No I don't.  I replaced Safari months ago with Perfect Browser ($0.99), which bests it in every way.  Including offering in-page search, hyper-scroll, bookmarking, changing user agents (nice for defeating sites that like to force you to the mobile page), and a ton of other things.

Safari is now in a folder on the last page of my springboard titled "Useless", along with most of the other preloaded apps like Weather, SMS, Stocks, etc.


----------



## Betsy the Quilter (Oct 27, 2008)

Perfect Browser looks to be $2.99 for iPad and $1.99 for iPhone?  Is that the one?  Safari doesn't bother me enough right now to want to pay $3 to replace it (so spoiled by the cheap apps  ) on my iPad. Perfect browser does sound cool, though.  Going to check out for future purchase possibility off a gift card.

Betsy


----------



## geko29 (Dec 23, 2008)

That is indeed the one Betsy--looks like it's gotten more expensive since I bought it, or maybe I got it on sale.
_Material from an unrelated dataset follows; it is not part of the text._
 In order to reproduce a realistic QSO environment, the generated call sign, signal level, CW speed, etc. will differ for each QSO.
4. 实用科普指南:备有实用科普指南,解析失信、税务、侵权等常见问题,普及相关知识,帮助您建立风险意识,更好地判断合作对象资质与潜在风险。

However, since you have both an iPhone and iPad, you may want to consider 



 instead, which IS $0.99, and is a universal binary (so you only have to buy it once). The featureset is very similar, and though I've never used it, my boss has it and really likes it.


----------



## VictoriaP (Mar 1, 2009)

I use Atomic as well, especially for the tabbed browsing feature...but the fact is that if I open a link from Mail, for example, or most other apps, it's going to open in Safari by default. It's become easier for me to just stay in Safari most of the time, and use Atomic basically to either emulate another browser or when I badly need the ad blocking functions.
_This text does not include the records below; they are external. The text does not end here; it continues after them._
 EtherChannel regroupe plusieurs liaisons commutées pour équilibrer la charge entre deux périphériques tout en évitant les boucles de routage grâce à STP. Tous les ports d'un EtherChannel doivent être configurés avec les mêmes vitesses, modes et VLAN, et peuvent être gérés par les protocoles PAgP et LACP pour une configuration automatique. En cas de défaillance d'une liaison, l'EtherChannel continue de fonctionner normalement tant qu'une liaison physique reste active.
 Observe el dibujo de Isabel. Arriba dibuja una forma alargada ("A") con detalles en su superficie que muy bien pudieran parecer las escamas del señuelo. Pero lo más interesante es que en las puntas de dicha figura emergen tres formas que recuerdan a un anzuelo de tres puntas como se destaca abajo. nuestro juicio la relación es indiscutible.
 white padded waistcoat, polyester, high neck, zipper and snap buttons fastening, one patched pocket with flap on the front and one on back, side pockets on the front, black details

So it's been nice to have a way to bring at least *some* badly needed functionality to Safari! LOL


----------



## geko29 (Dec 23, 2008)

Ahh, see, I use Browser Changer to set my default browser to Perfect Browser, so I actually don't have to use Safari at all, even if I click a link in another app (mail, most frequently).


----------



## Betsy the Quilter (Oct 27, 2008)

geko29 said:


> That is indeed the one Betsy--looks like it's gotten more expensive since I bought it, or maybe I got it on sale. However, since you have both an iPhone and iPad, you may want to consider
> 
> 
> 
> instead, which IS $0.99, and is a universal binary (so you only have to buy it once). The featureset is very similar, and though I've never used it, my boss has it and really likes it.
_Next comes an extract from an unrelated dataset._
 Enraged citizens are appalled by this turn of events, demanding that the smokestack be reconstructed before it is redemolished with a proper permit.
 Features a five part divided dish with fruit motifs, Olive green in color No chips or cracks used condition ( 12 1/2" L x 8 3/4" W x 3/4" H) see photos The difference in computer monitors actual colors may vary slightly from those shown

I only have the iPad; I was just mentioning the iPhone version of Perfect Browser as I didn't know what version you were using. I actually have Atomic Web, but didn't love it enough to use it. I'm kinda used to Safari at this point. I may try AW again sometime.

Betsy


----------



## VictoriaP (Mar 1, 2009)

geko29 said:


> Ahh, see, I use Browser Changer to set my default browser to Perfect Browser, so I actually don't have to use Safari at all, even if I click a link in another app (mail, most frequently).


Cydia, I'm guessing? And here I'm trying NOT to JB the iPad.


----------



## geko29 (Dec 23, 2008)

VictoriaP said:


> Cydia, I'm guessing? And here I'm trying NOT to JB the iPad.


Cydia indeed. I wouldn't be doing my part as a KB member if I wasn't trying to enable someone.


----------